_Task to carry out_
Write down the listing again exactly as it appears below, without its pictures.

#### Information ####

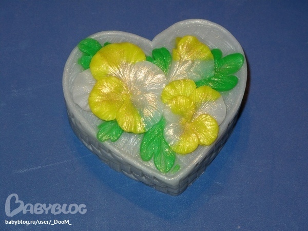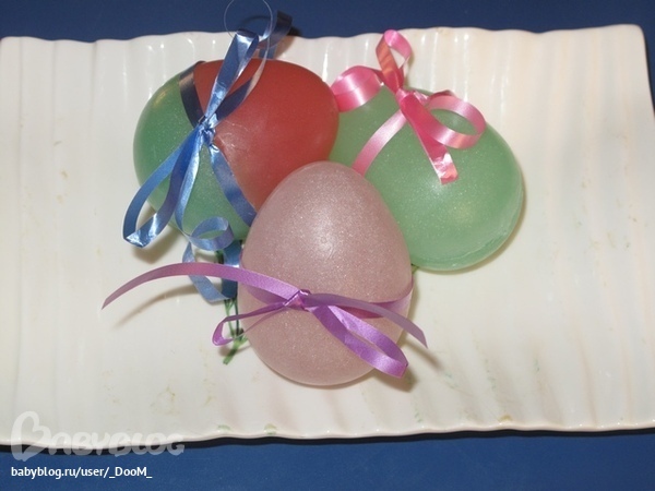 Яички и куличики хорошенькие! А вот мылко на второй картинке конечно оригинально залито, но мне больше нравится когда фон одним цветом, а цветочки сверху другим цветом... Ну это моё мнение =) И, когда я мылко из формочки достаю я краешки сзади подшлифовываю, иногда даже ножичком, чтоб неровностей не было, у Вас на втором фото их очень хорошо видно.. Надеюсь ничем не обидела =) Успехов Вам!
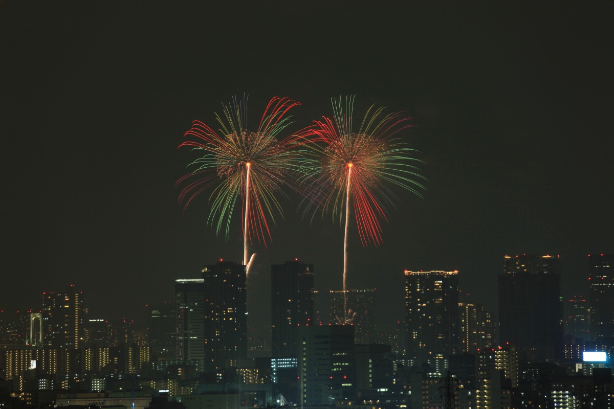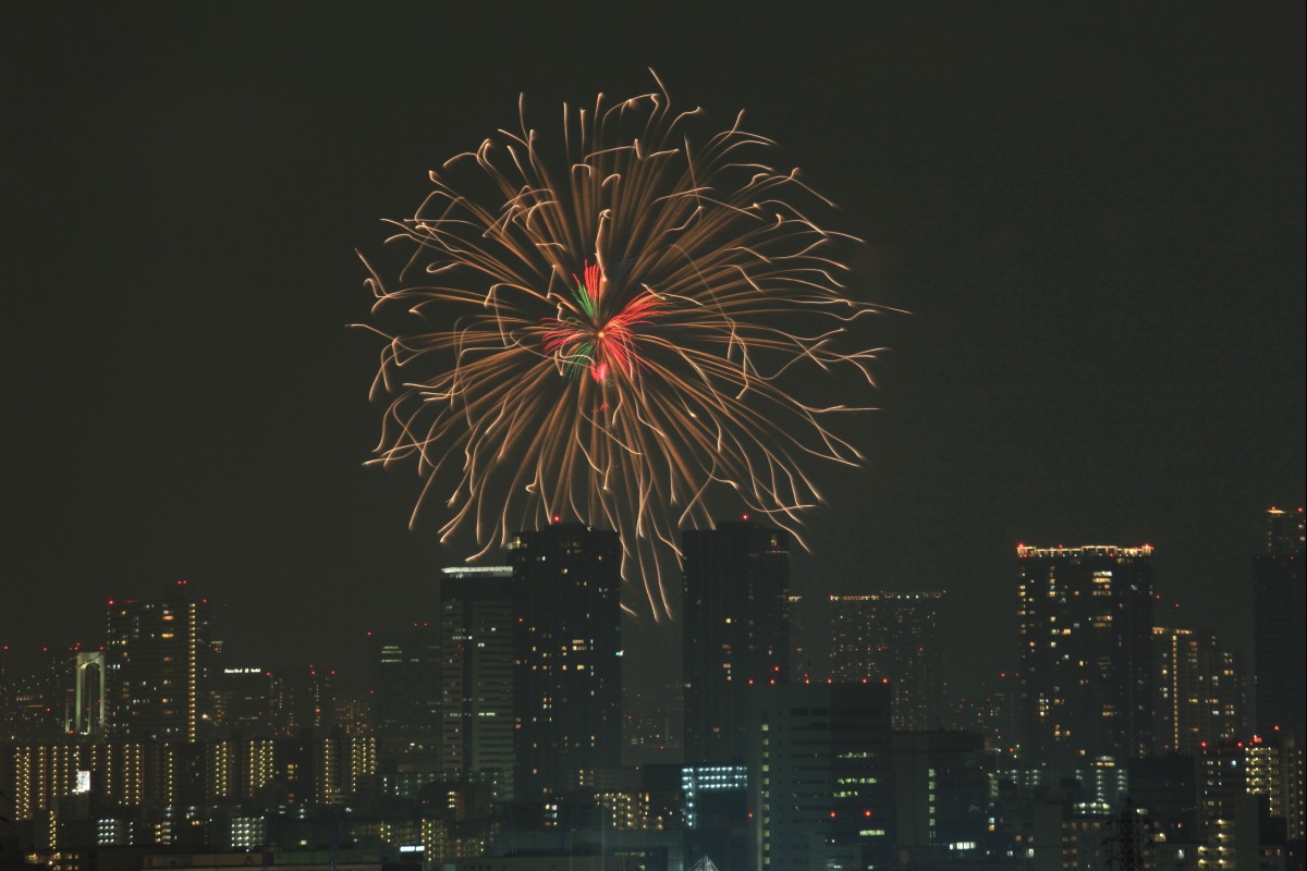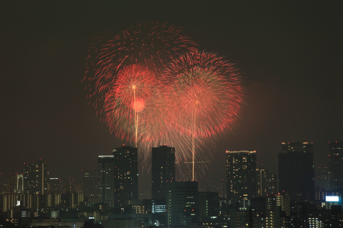 ただ、「シティタワーズ豊洲」など ここ最近建ち上がったタワーマンションが もっと花火を遮るものだと思っていたので ここれだけ見えれば満足です。 |
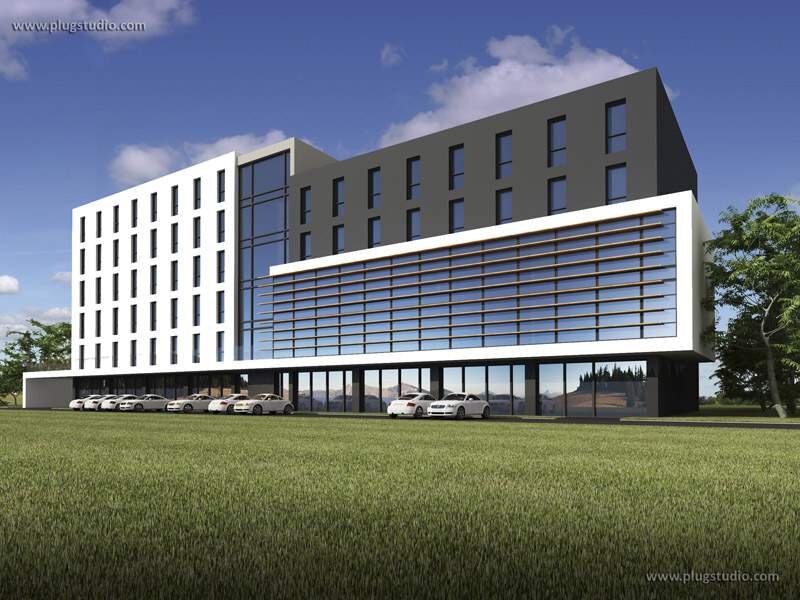 Projekt nowoczesnego hotelu serii DH. Wewnątrz przestrzeń, którą można podzielić na wiele sposobów. W zależności od potrzeb klienta można wydzielić pomieszczenia o różnej wielkości. Budynek posiada opcję garażu podziemnego. Dostępne inne wersje, różniące się elewacją oraz wysokością i szarokością budynków.
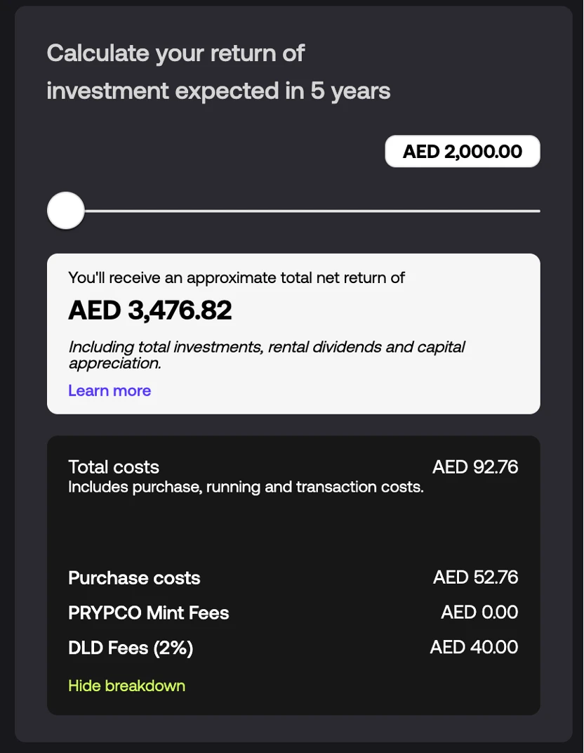 公式ウェブサイトによれば、投資家の参入レベルは**最低で2000ディルハム(約4000人民元)**に達し、5年後の予想価値は約3476.82ディルハムであり、5年間の総収益は73.84%に達する見込みです。注意が必要なのは、これは公式ウェブサイトが提供する予想であり、実際の収益を代表するものではないということです。
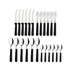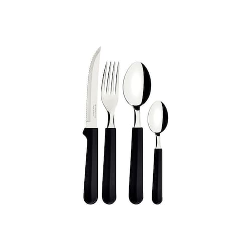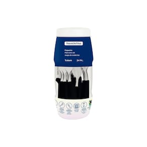 Faqueiro Tulum Com Lâminas Em Inox E Cabos De Polipropileno Preto 24pçs - Tramontina Faqueiro Tulum com Lâminas em Inox e Cabos de Polipropileno Preto 24pçs - TramontinaFaqueiro Tramontina Tulum com Lâminas em Aço Inox e Cabos de Polipropileno Preto 24 PeçasLâminas de aço inox. Lâminas das facas com maior durabilidade do fio devido ao tratamento térmico. Garfos e colheres que garantem maior resistência devido a espessura do aço e a estampagem das lâminas. Os cabos de polipropileno possuem maior resistência e durabilidade. Podem ir à máquina de lavar louças facilitando seu dia a dia.O faqueiro Tramontina Tulum com lâminas em aço inox e cabos de polipropileno preto 24 peças é um coringa para a composição da sua mesa e irá compor bem com qualquer estilo de louça. Todas as peças são desenvolvidas com lâminas em aço inox com cabos de polipropileno. As facas tem tratamento térmico e garantem alta durabilidade no fio de corte e os garfos e colheres contam com estampagem e espessura, fazendo que sejam resistentes e duráveis. Os cabos são em polipropileno na cor preta, garantem modernidade para sua mesa e podem ir à máquina de lavar louças, facilitando seu dia a dia na cozinha!Fabricante: Tramontina meli_shipping_mode - Sim Sim Fabricante - Tramontina Modelo - 23299/089
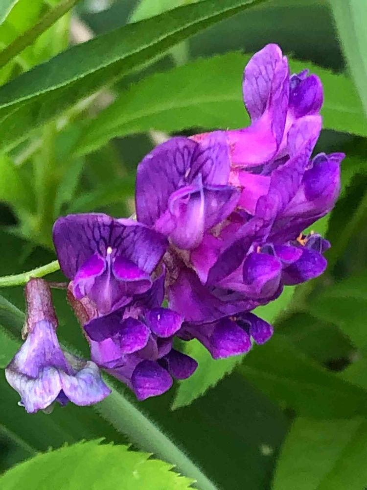 戦場ヶ原を横断する、国道120号線沿いの林の中の草むらで、紫色のラッパ状の小さな花🌸を沢山まとめて茎の先に咲かせているのは、たぶん「ナンテンハギ」の花と思われます❣️
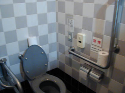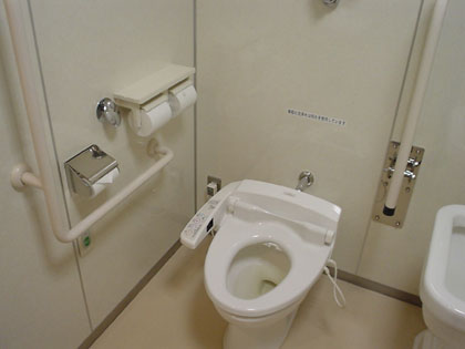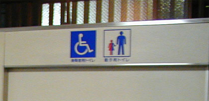 まぁ子供用の便座など、「親子トイレ」的な装備がなくても、親子がいっしょに入れるような広いスペースを持つ多目的トイレは、“子供のトイレの面倒を親ができます”からね。
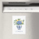 This kitchen fridge magnet features a beautiful blue and white chinoiserie vase with blue and white hydrangea flowers and lemons. Personalise with your choice of name or special text. Fun for personalised gift bags and party favours.
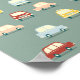 Niedliches Retro-Fahrzeugmuster auf einem halbgrünen Hintergrund. Originelle Kunst von Nic Squirrell.
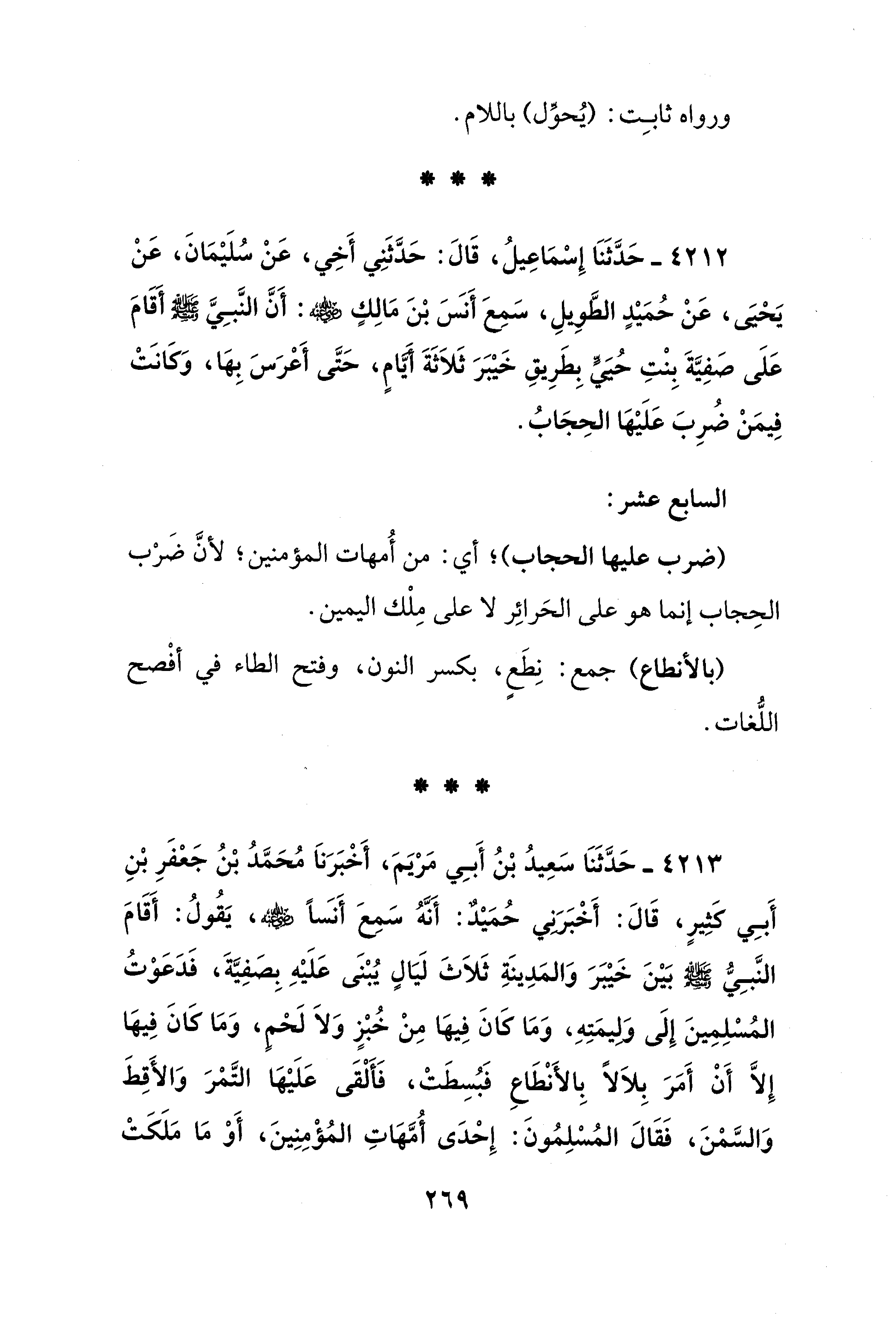 4213 - حَدَّثَنَا سَعِيدُ بْنُ أَبِي مَرْيَمَ، أَخْبَرَنَا مُحَمَّدُ بْنُ جَعْفَرِ بْنِ أَبِي كَثِيرٍ، قَالَ: أَخْبَرَنِي حُمَيْدٌ: أَنَّهُ سَمِعَ أَنَسًا - رضي الله عنه -، يَقُولُ: أَقَامَ النَّبِيُّ - صلى الله عليه وسلم - بَيْنَ خَيْبَرَ وَالمَدِينَةِ ثَلاَثَ لَيَالٍ يُبْنَى عَلَيْهِ بِصَفِيَّةَ، فَدَعَوْتُ المُسْلِمِينَ إِلَى وَلِيمَتِهِ، وَمَا كَانَ فِيهَا مِنْ خُبْزٍ وَلاَ لَحْمٍ، وَمَا كَانَ فِيهَا إِلَّا أَنْ أَمَرَ بِلاَلًا بِالأَنْطَاعِ فَبُسِطَتْ، فَأَلْقَى عَلَيْهَا التَّمْرَ وَالأَقِطَ وَالسَّمْنَ، فَقَالَ المُسْلِمُونَ: إِحْدَى أُمَّهَاتِ المُؤْمِنِينَ، أَوْ مَا مَلَكَتْ

####

_Task answer_
 Яички и куличики хорошенькие! А вот мылко на второй картинке конечно оригинально залито, но мне больше нравится когда фон одним цветом, а цветочки сверху другим цветом... Ну это моё мнение =) И, когда я мылко из формочки достаю я краешки сзади подшлифовываю, иногда даже ножичком, чтоб неровностей не было, у Вас на втором фото их очень хорошо видно.. Надеюсь ничем не обидела =) Успехов Вам!
 ただ、「シティタワーズ豊洲」など ここ最近建ち上がったタワーマンションが もっと花火を遮るものだと思っていたので ここれだけ見えれば満足です。 |
 Projekt nowoczesnego hotelu serii DH. Wewnątrz przestrzeń, którą można podzielić na wiele sposobów. W zależności od potrzeb klienta można wydzielić pomieszczenia o różnej wielkości. Budynek posiada opcję garażu podziemnego. Dostępne inne wersje, różniące się elewacją oraz wysokością i szarokością budynków.
 公式ウェブサイトによれば、投資家の参入レベルは**最低で2000ディルハム(約4000人民元)**に達し、5年後の予想価値は約3476.82ディルハムであり、5年間の総収益は73.84%に達する見込みです。注意が必要なのは、これは公式ウェブサイトが提供する予想であり、実際の収益を代表するものではないということです。
 Faqueiro Tulum Com Lâminas Em Inox E Cabos De Polipropileno Preto 24pçs - Tramontina Faqueiro Tulum com Lâminas em Inox e Cabos de Polipropileno Preto 24pçs - TramontinaFaqueiro Tramontina Tulum com Lâminas em Aço Inox e Cabos de Polipropileno Preto 24 PeçasLâminas de aço inox. Lâminas das facas com maior durabilidade do fio devido ao tratamento térmico. Garfos e colheres que garantem maior resistência devido a espessura do aço e a estampagem das lâminas. Os cabos de polipropileno possuem maior resistência e durabilidade. Podem ir à máquina de lavar louças facilitando seu dia a dia.O faqueiro Tramontina Tulum com lâminas em aço inox e cabos de polipropileno preto 24 peças é um coringa para a composição da sua mesa e irá compor bem com qualquer estilo de louça. Todas as peças são desenvolvidas com lâminas em aço inox com cabos de polipropileno. As facas tem tratamento térmico e garantem alta durabilidade no fio de corte e os garfos e colheres contam com estampagem e espessura, fazendo que sejam resistentes e duráveis. Os cabos são em polipropileno na cor preta, garantem modernidade para sua mesa e podem ir à máquina de lavar louças, facilitando seu dia a dia na cozinha!Fabricante: Tramontina meli_shipping_mode - Sim Sim Fabricante - Tramontina Modelo - 23299/089
 戦場ヶ原を横断する、国道120号線沿いの林の中の草むらで、紫色のラッパ状の小さな花🌸を沢山まとめて茎の先に咲かせているのは、たぶん「ナンテンハギ」の花と思われます❣️
 まぁ子供用の便座など、「親子トイレ」的な装備がなくても、親子がいっしょに入れるような広いスペースを持つ多目的トイレは、“子供のトイレの面倒を親ができます”からね。
 This kitchen fridge magnet features a beautiful blue and white chinoiserie vase with blue and white hydrangea flowers and lemons. Personalise with your choice of name or special text. Fun for personalised gift bags and party favours.
 Niedliches Retro-Fahrzeugmuster auf einem halbgrünen Hintergrund. Originelle Kunst von Nic Squirrell.
 4213 - حَدَّثَنَا سَعِيدُ بْنُ أَبِي مَرْيَمَ، أَخْبَرَنَا مُحَمَّدُ بْنُ جَعْفَرِ بْنِ أَبِي كَثِيرٍ، قَالَ: أَخْبَرَنِي حُمَيْدٌ: أَنَّهُ سَمِعَ أَنَسًا - رضي الله عنه -، يَقُولُ: أَقَامَ النَّبِيُّ - صلى الله عليه وسلم - بَيْنَ خَيْبَرَ وَالمَدِينَةِ ثَلاَثَ لَيَالٍ يُبْنَى عَلَيْهِ بِصَفِيَّةَ، فَدَعَوْتُ المُسْلِمِينَ إِلَى وَلِيمَتِهِ، وَمَا كَانَ فِيهَا مِنْ خُبْزٍ وَلاَ لَحْمٍ، وَمَا كَانَ فِيهَا إِلَّا أَنْ أَمَرَ بِلاَلًا بِالأَنْطَاعِ فَبُسِطَتْ، فَأَلْقَى عَلَيْهَا التَّمْرَ وَالأَقِطَ وَالسَّمْنَ، فَقَالَ المُسْلِمُونَ: إِحْدَى أُمَّهَاتِ المُؤْمِنِينَ، أَوْ مَا مَلَكَتْ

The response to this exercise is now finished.